-- MATERIAL PROVIDED follows --

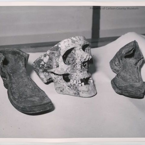 1. Written on the back in blue ink:" U.P. Public Relations[.] the lower part of Big Nose George's skull and the leather shoes or boots which were cut off his feet after he was hung in Rawlins March 26, 1881 for trying to rob a train and his gang killing two men."
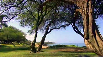 a sacred Hawaiian site, and takes you down to an empty beach.
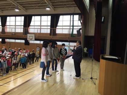 今回の朝会では、夏休みに書いた世界平和に関するポスターの表彰が行われました。また、音楽名人の発表も行われました。みんなとてもがんばりました。

-- MATERIAL PROVIDED concluded --

YOUR GOAL.
Leaving out every picture, extract verbatim the lines from the one containing "a sacred Hawaiian" through the last line of the listing, inclusive.

EXERCISE OUTPUT.
 a sacred Hawaiian site, and takes you down to an empty beach.
 今回の朝会では、夏休みに書いた世界平和に関するポスターの表彰が行われました。また、音楽名人の発表も行われました。みんなとてもがんばりました。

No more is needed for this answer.